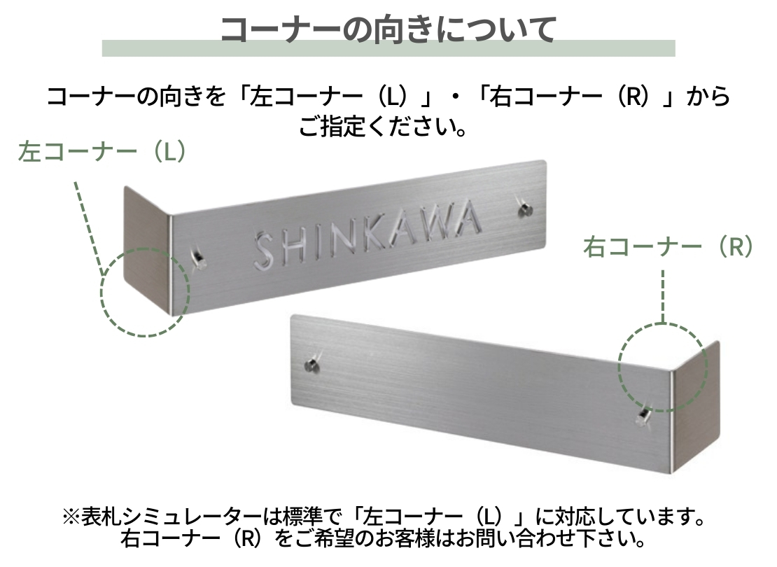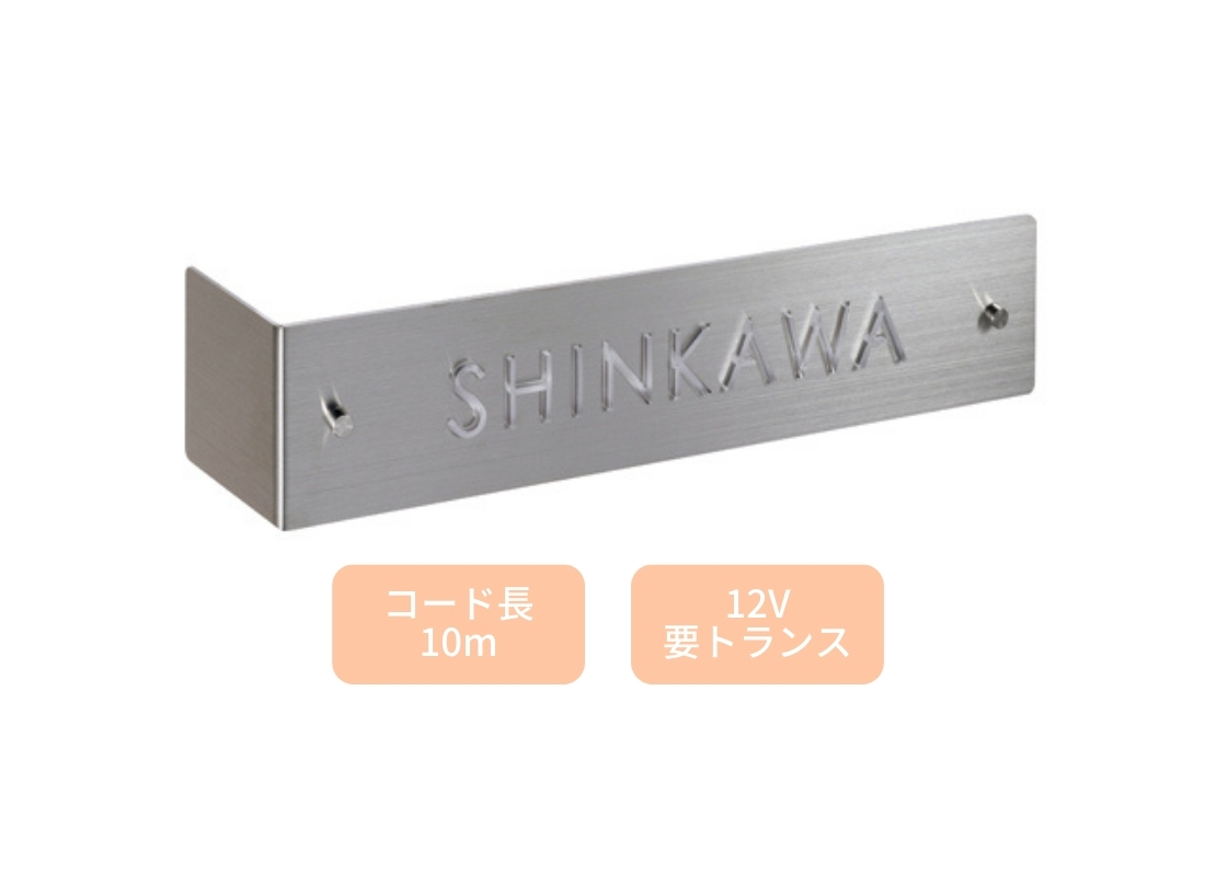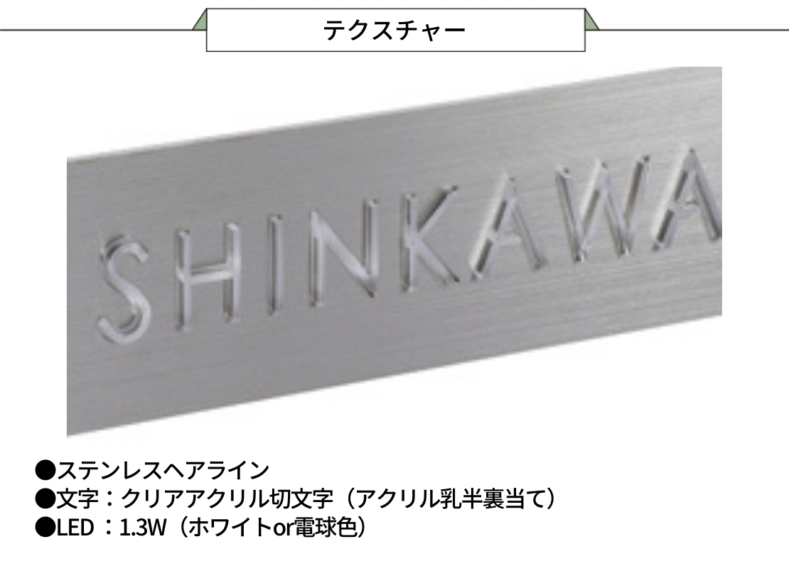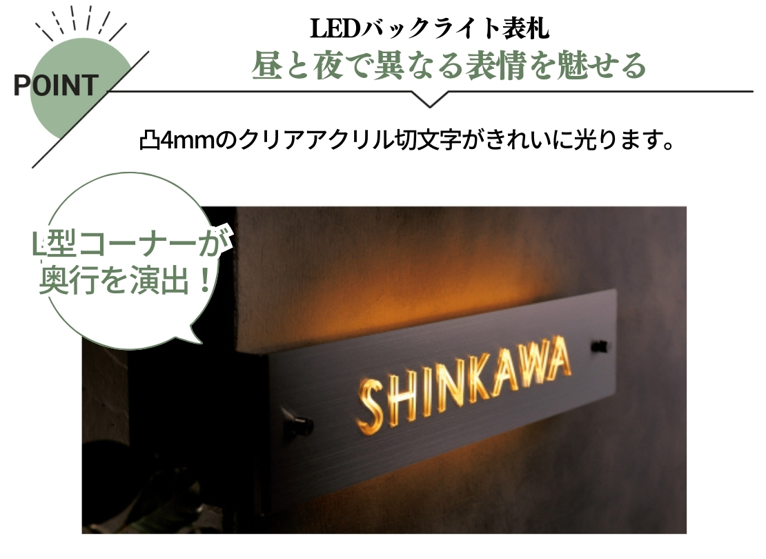 門柱や壁のコーナーを活かしたい方におすすめのLEDバックライト表札です。L型形状ならではの奥行き感が生まれ、昼間はシンプルに、夜はやわらかな光で上質な印象を演出できます。光色は電球色・ホワイトから選択可能で、外構全体の雰囲気に合わせやすいのもポイント。角への設置を前提に、デザイン性と視認性を両立した一枚です。
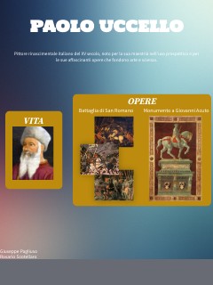 Paolo Uccello è stato un pittore italiano del XV secolo, nato intorno al 1397 a Pratovecchio, in Toscana, e morto nel 1475 a Firenze. Il suo vero nome era Paolo di Dono, ma è noto principalmente con il soprannome "Uccello", dato forse per la sua passione per gli uccelli. Paolo Uccello è noto per essere stato uno dei primi artisti che faceva uso della prospettiva nel Rinascimento italiano. La sua opera più celebre è la serie di affreschi dedicati alla Battaglia di San Romano, realizzata tra il 1438 e il 1440, che dimostra la sua abilità nel rappresentare dettagliatamente le figure umane e gli elementi architettonici in prospettiva lineare.
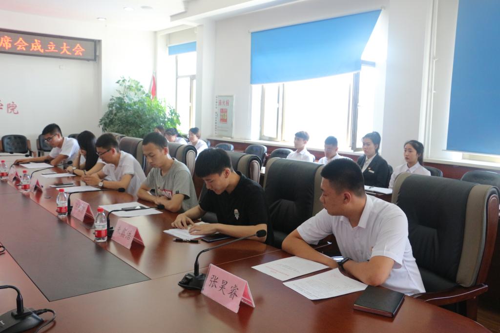会上,校团委学生副书记陈佳男宣读了《关于校公寓委、校军操委、校纪管委、校关心委、校综合委、校学信委、校伙食委2018 级主要学生干部的任命决定》;校团委学生副书记王婷婷宣读了《2018级学生组织主席团联席会人员构成名单》。会上,通过民主投票选举产生2018级学生组织主席团联席会三名副理事长;校团委学生副书记朱鑫浩宣读了《2018 级学生组织主席团联席会正副理事长的任命决定》;校团委学生副书记陈宇航宣读了《2018级学生组织主席团联席会正副理事长分工分管决定》。
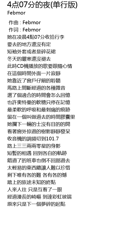 | [00:46.33] | 她在凌晨4點07分收拾行李 |
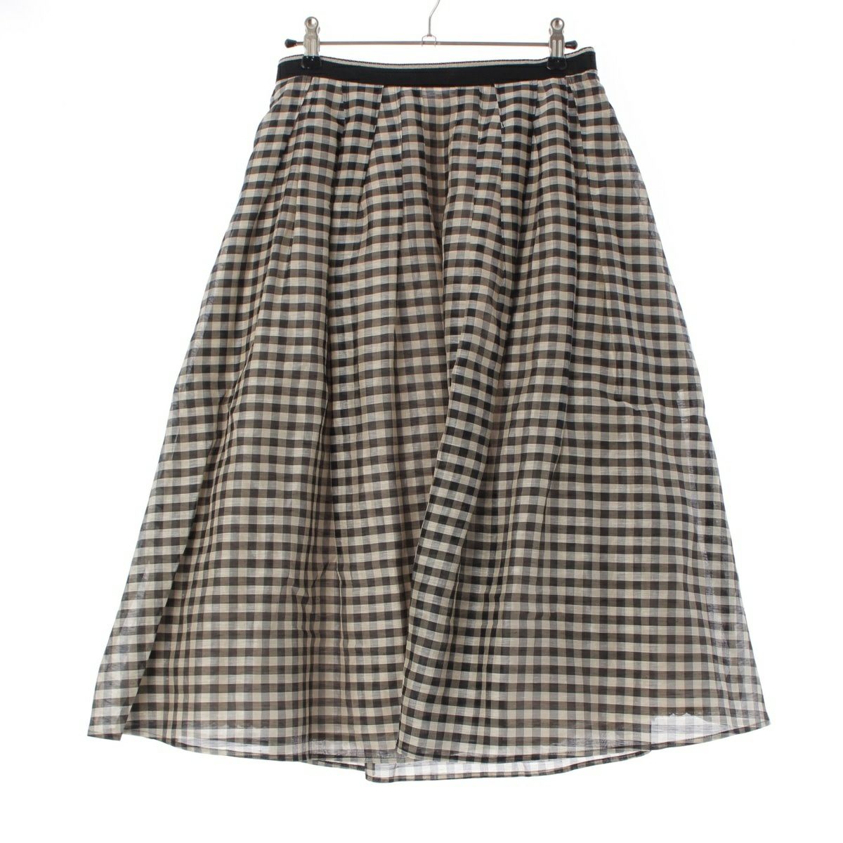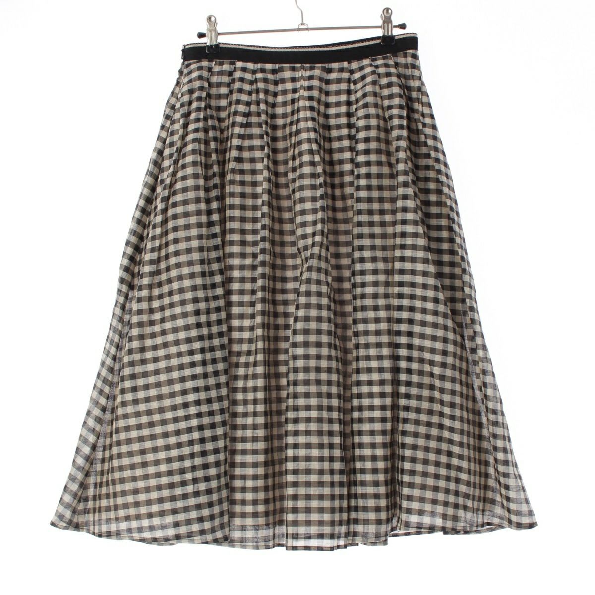 フォクシー 22年 リネン×シルク フレンチギンガム スカート 42696 ブラック 40
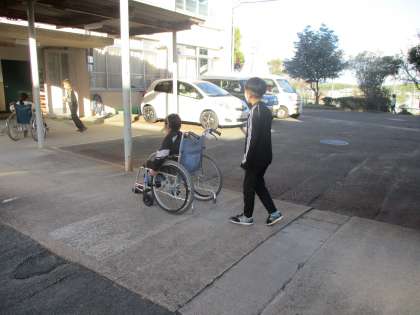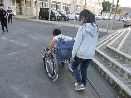 子どもたちから「普段通っていて坂と感じたことはなかったけれど,車椅子に乗ったらすごく斜めになって怖かった。今日は近くにペアの人が見守ってくれていたけれど,もっと急な坂を車椅子の人が一人で行くならすごく怖い思いをしていると思う。」「普段何気なく越えている段差もタイヤが空回りして進めなかった。こんな段差がまちにはたっくさんあるからもっとみんなにとって住みやすい環境になればいいと思った。」などの振り返りがありました。
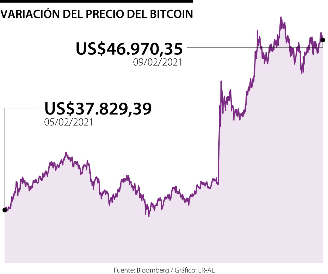 El lunes, el bitcoin trepó un 20% después de que Tesla anunció una inversión de 1.500 millones de dólares y que aceptaría la criptomoneda como pago para sus autos. Se trató del avance diario más grande en más de tres años.
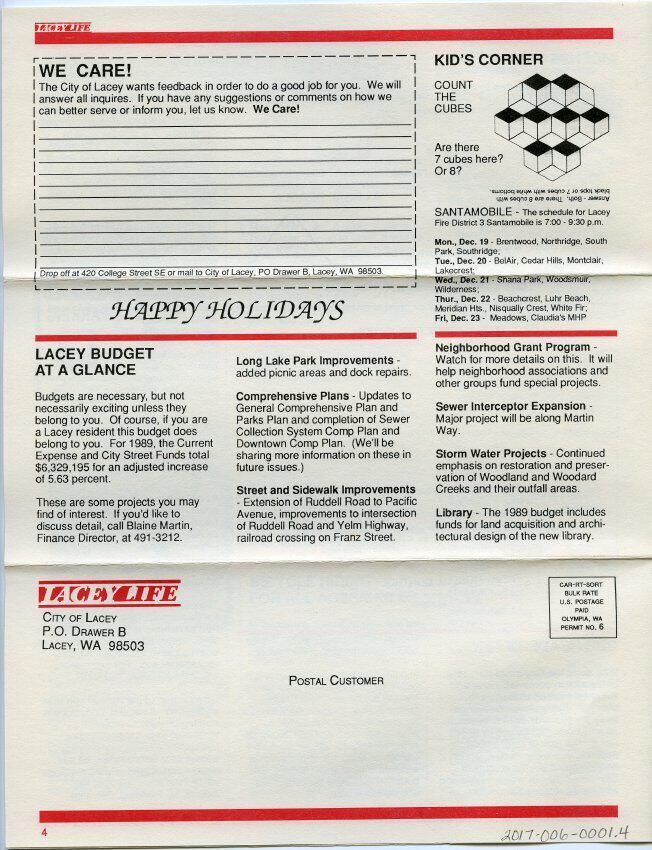 December 1988 issue of the Lacey Life newsletter, a publication of the City of Lacey.
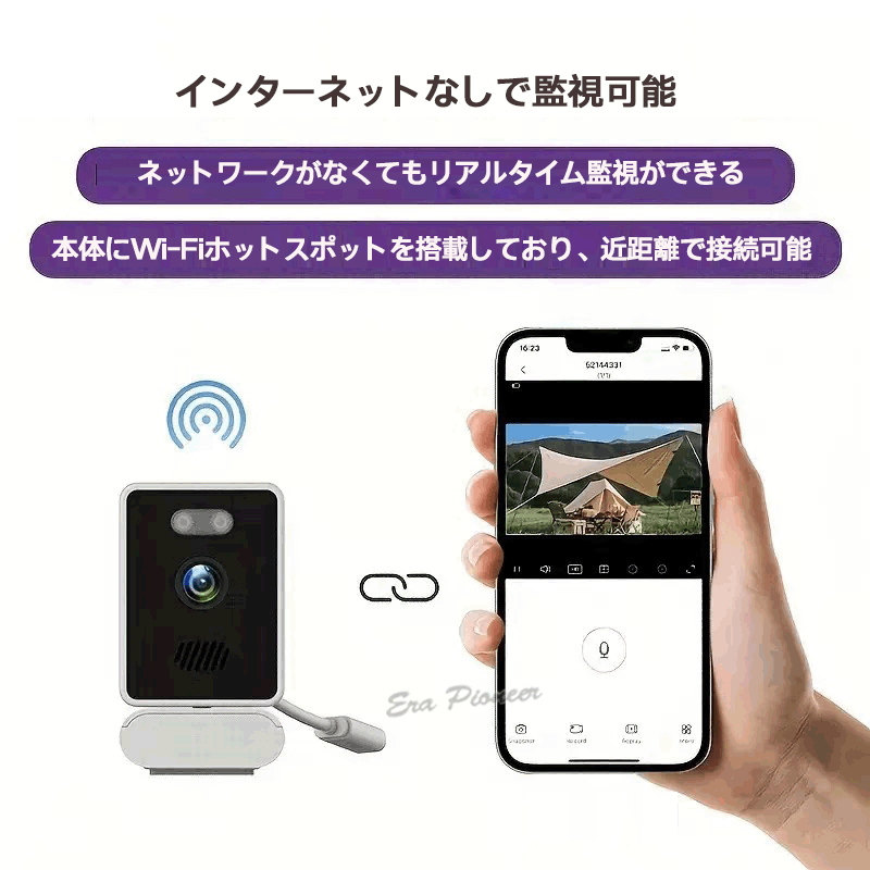 インターネットなしで監視可能(本体にWi-Fiホットスポットを搭載しており、近距離で接続可能)

*****

Required work
Counting the line with "[00:46.33] | 她在凌晨4點07分收拾行李 |" and the last line of the data above, transcribe those two lines and every line between them exactly, without the pictures.

Task response
 | [00:46.33] | 她在凌晨4點07分收拾行李 |
 フォクシー 22年 リネン×シルク フレンチギンガム スカート 42696 ブラック 40
 子どもたちから「普段通っていて坂と感じたことはなかったけれど,車椅子に乗ったらすごく斜めになって怖かった。今日は近くにペアの人が見守ってくれていたけれど,もっと急な坂を車椅子の人が一人で行くならすごく怖い思いをしていると思う。」「普段何気なく越えている段差もタイヤが空回りして進めなかった。こんな段差がまちにはたっくさんあるからもっとみんなにとって住みやすい環境になればいいと思った。」などの振り返りがありました。
 El lunes, el bitcoin trepó un 20% después de que Tesla anunció una inversión de 1.500 millones de dólares y que aceptaría la criptomoneda como pago para sus autos. Se trató del avance diario más grande en más de tres años.
 December 1988 issue of the Lacey Life newsletter, a publication of the City of Lacey.
 インターネットなしで監視可能(本体にWi-Fiホットスポットを搭載しており、近距離で接続可能)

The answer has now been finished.